2. We are regenerated, when we repent and believe and enter into a love relationship with God.We become Children of God. Asoka is seeking a better reincarnation. His repentance does not lead to a relationship with God. He is trying to snuff out the self and thus prevent reincarnation and subsequent suffering which might result from a rebirth into this world of suffering.
3. Our salvation is a gift from a loving God. Asoka’s salvation is his own work which he must continue through many rebirths.
4. Christ gave salvation to the thief who repented on the cross. Buddha would not have granted salvation to that hopeless soul under any circumstance. He would have asked him to work on his karma in his next birth and if necessary many subsequent births .
5. The christian worldview explains the origin of the moral law and also teaches that everyone will be held accountable for every single word . The Buddhist world view does not explain the moral framework adequately as there is no basis for absolute morality apart from God.
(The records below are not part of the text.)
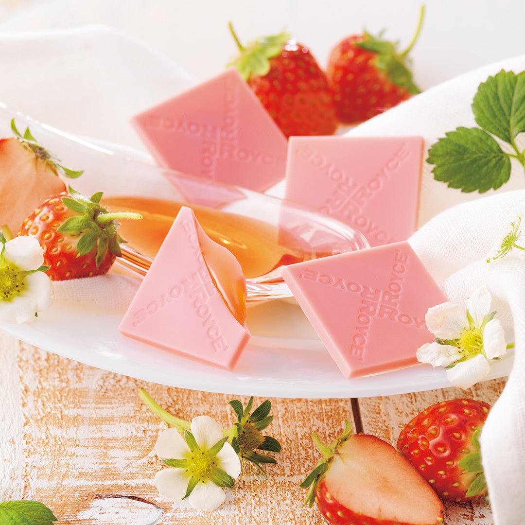いちごのパウダーを練り込んだホワイトチョコレートのセンターに、とろりとしたいちごのソースを閉じ込めました。繊細なチョコレートの中から、完熟いちごのような豊かな甘さのソースが広がります。
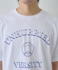「UNIVERSITY」の文字と紋章ロゴを組み合わせたカレッジ風デザインは、あなたの個性をさりげなくアピール。
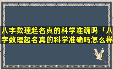 八字数理起名 🐋 缺乏 🦅 科学依据,没有经过严谨的实验验证。
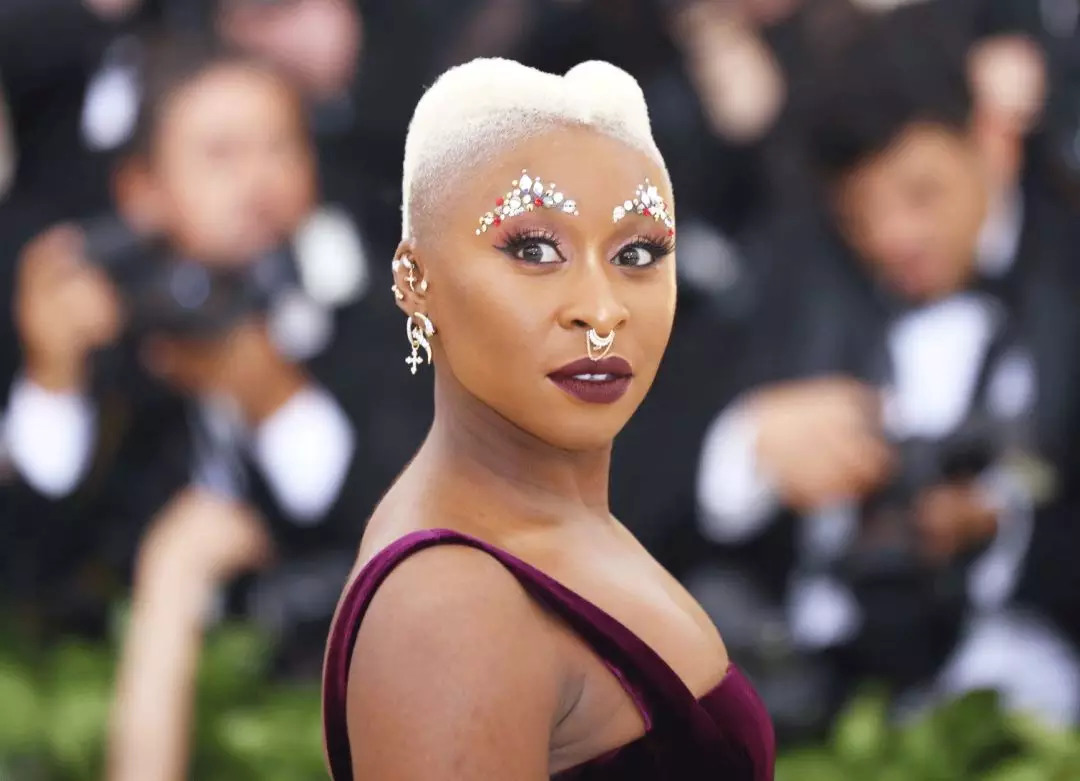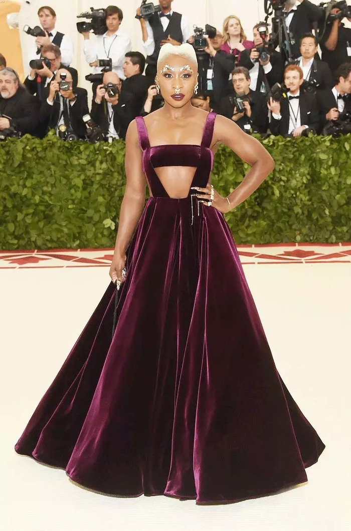 有的配饰锦上添花,有一些则是名副其实的灾难。穿着紫色丝绒绑带裙的CynthiaErivo 就像过年时绑好的腊肠,看上去香气扑鼻。

6. Why is “Ahimsa” or non-violence better than violence in a non-theistic world view like Buddhism. How did they conclude that violence is bad? May be conscience and contemplation. But why does that need be true for everybody unless God gives the law, declares it to be good and also makes it binding on everybody. This is where Buddhism fails and Christianity proves to be adequate in explaining morality.
Buddhism does not offer forgiveness of sins, cleansing of the conscience, new nature and above all a relationship with God. In Christianity , all these and more are obtained by faith and life is lived in response to God and his gifts, which are freely made available to all men. Salvation in Christianity is a gift. In Buddhism, salvation has to be fully worked out by the individual, with little help from the community and elders. This may be one of the reasons, the later schools of Buddhism developed their own form of ‘salvation by faith’ in Amithaba Buddha. The teachings of Buddha, in their pure form are very taxing on the individual and the average Joe looks for a Savior, someone who can save him, who can help him, not only from his Karma, but also from impractical teachings, as that of the Buddha. This eventually lead to the inventions of the “Bodhisattva” or enlightened beings in later Mahayana schools, who would act as saviors guiding the seeker of enlightenment to reach their goals. Christ the real savior, the true mediator alone can grant them the true salvation.